----- DATA SECTION

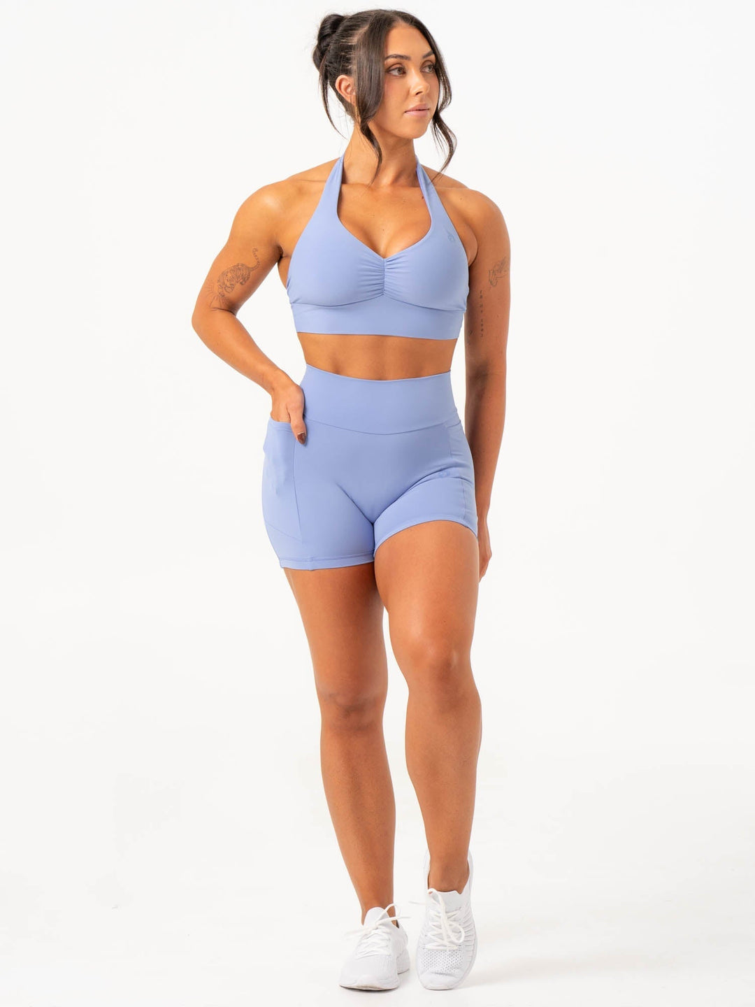 Home Womens Gym Shorts Scrunch Bum Shorts High Waisted Shorts NKD V Scrunch Pocket Shorts - Dreamy Blue
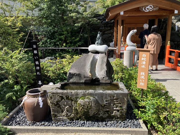 白蛇辨財天の前には「銭洗い所」があります。これらの施設は、鎮座七百年を記念して令和三年4月1日に建替え・新設されました。
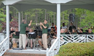 From within the Gazebo on VGCC’s Main Campus, the Vance-Granville Community Band performs with featured soloist Dave Arner of Henderson on trumpet, during the concert on May 13. (VGCC photo)
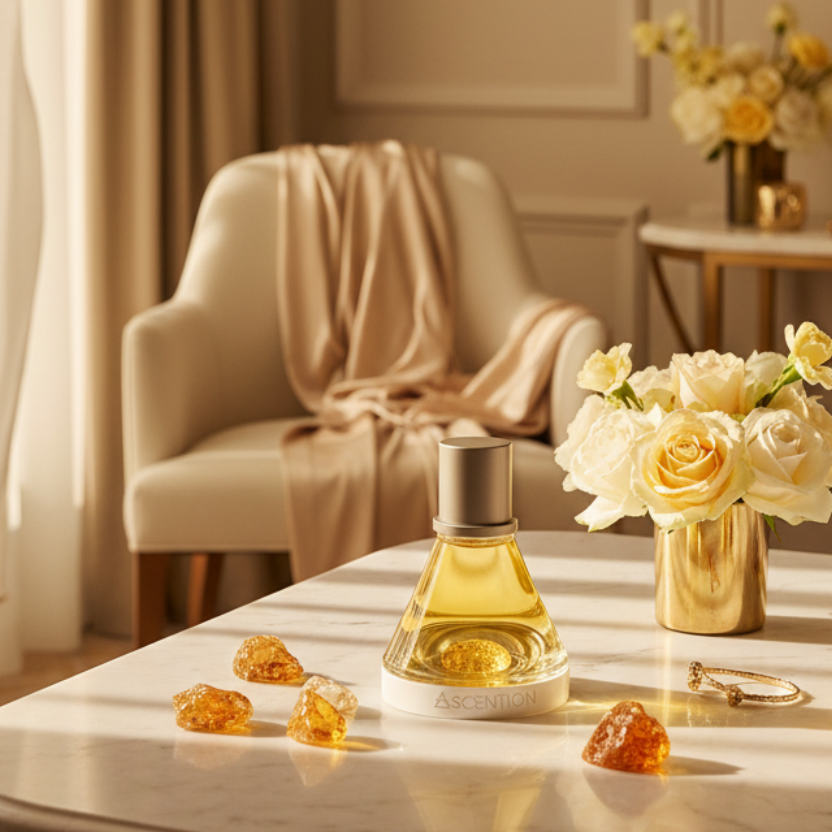 Ascent to Courage is crafted using a blend of premium aroma molecules and natural botanicals chosen for depth, performance, and emotional resonance. Sacred woods, resins, and soft citrus are composed through cruelty-free, biodegradable ingredients that preserve richness without environmental strain.
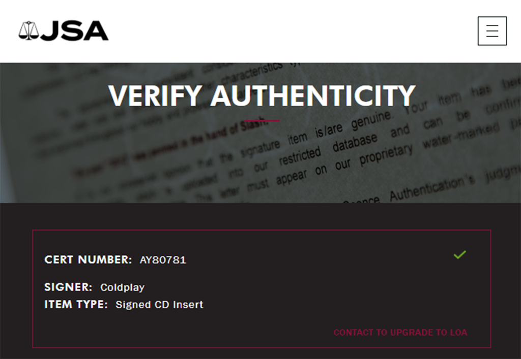 Autógrafos certificados por la compañía JSA, cada CD viene con diferente certificado y calcomanía que autentifica las firmas JSA AY80781 y AY80868.
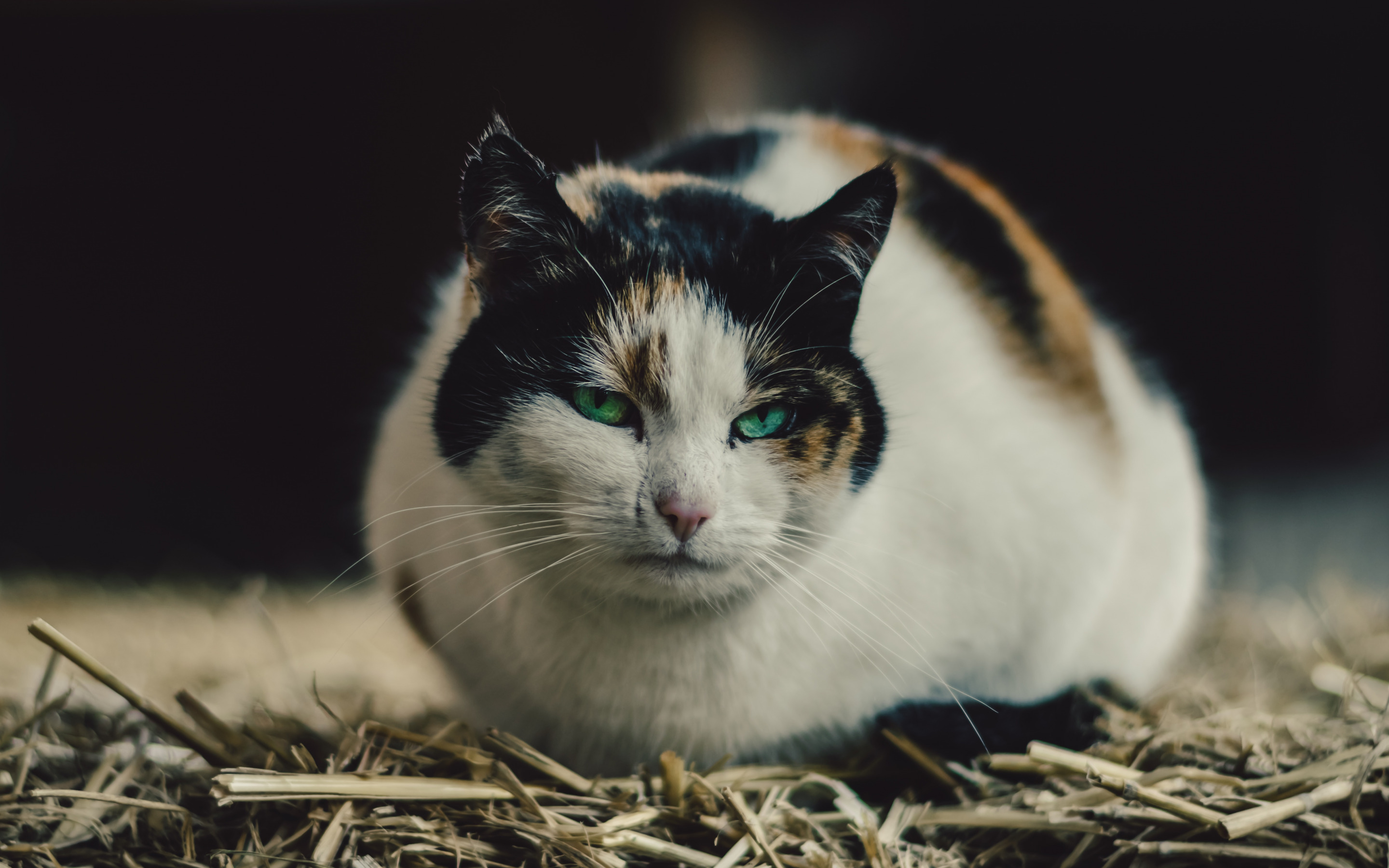 Description: A cat with green eyes sitting on the ground in hay looking at the camera with a serious look on its face.
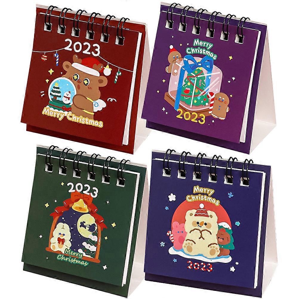 Desktop Calendars Small Christmas Decorative Calendar Standing Design Assorted Color 7.5X6.5X3.5CM Date Marking 4Pcs
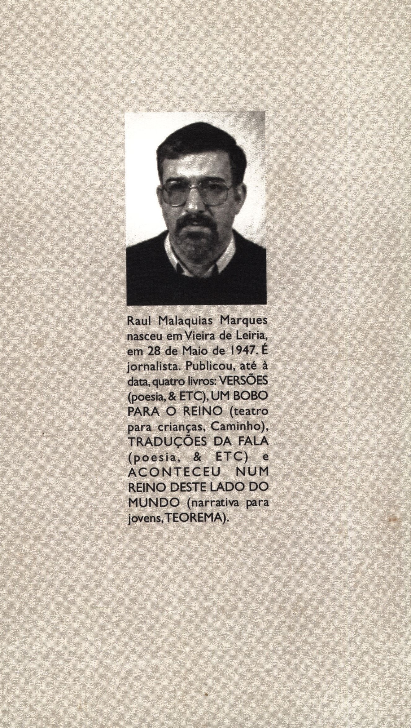 Názvové údaje "O Ensaio do Fim" : (jeu de massacre em cinco quadros) / Raul Malaquias Marques Osobní jméno Marques, Raúl Malaquias, 1947- (Autor) Další autoři Inatel (Nakladatel, vydavatel) Tipografia Grafigamelas (Tiskař) Nakladatel [Lisboa] : Inatel, [1998] Výrobce Tipografia Grafigamelas Rozsah 74 stran (správně 76 stran) : čb. ilustrace ; 21 cm Klíčová slova portugalská literatura * portugalsky psaná literatura * portugalsky píšící spisovatelé * drama * scénář Počet ex. 1, z toho volných 1 Druh dok. monografie Signatura Listopad 0611 Názvové údaje O mosquito zzz / Orlando Neves Osobní jméno Neves, Orlando (Autor) Další autoři Inatel (Nakladatel, vydavatel) QualiGrafe (Tiskař) Nakladatel [místo vydání není známé] : Inatel, 1992 Výrobce QualiGrafe Rozsah 37 stran ; 22 cm Klíčová slova portugalská literatura * portugalsky psaná literatura * drama * divadelní hra * scénář Počet ex. 1, z toho volných 1 Druh dok. monografie Signatura Listopad 0534 Názvové údaje Paixão e morte de Mateus Álvares / José Jorge Letria Osobní jméno Letria, José Jorge, 1951- (Autor) Další autoři Inatel (Nakladatel, vydavatel) QualiGrafe, Lda (Tiskař) Nakladatel [Lisboa] : Inatel, 1992 Výrobce QualiGrafe, Lda Rozsah 34 stran ; 22 cm Klíčová slova portugalská literatura * portugalsky psaná literatura * portugalsky píšící spisovatelé * divadelní hra * scénář Počet ex. 1, z toho volných 1 Druh dok. monografie Signatura Listopad 0499

----------

> TRY IT: Copy the entries above exactly, but only the stretch from the line containing "Description: A cat" through the line containing "Desktop Calendars Small". Keep both end lines; drop the pictures.

> RESPONSE AREA:
 Description: A cat with green eyes sitting on the ground in hay looking at the camera with a serious look on its face.
 Desktop Calendars Small Christmas Decorative Calendar Standing Design Assorted Color 7.5X6.5X3.5CM Date Marking 4Pcs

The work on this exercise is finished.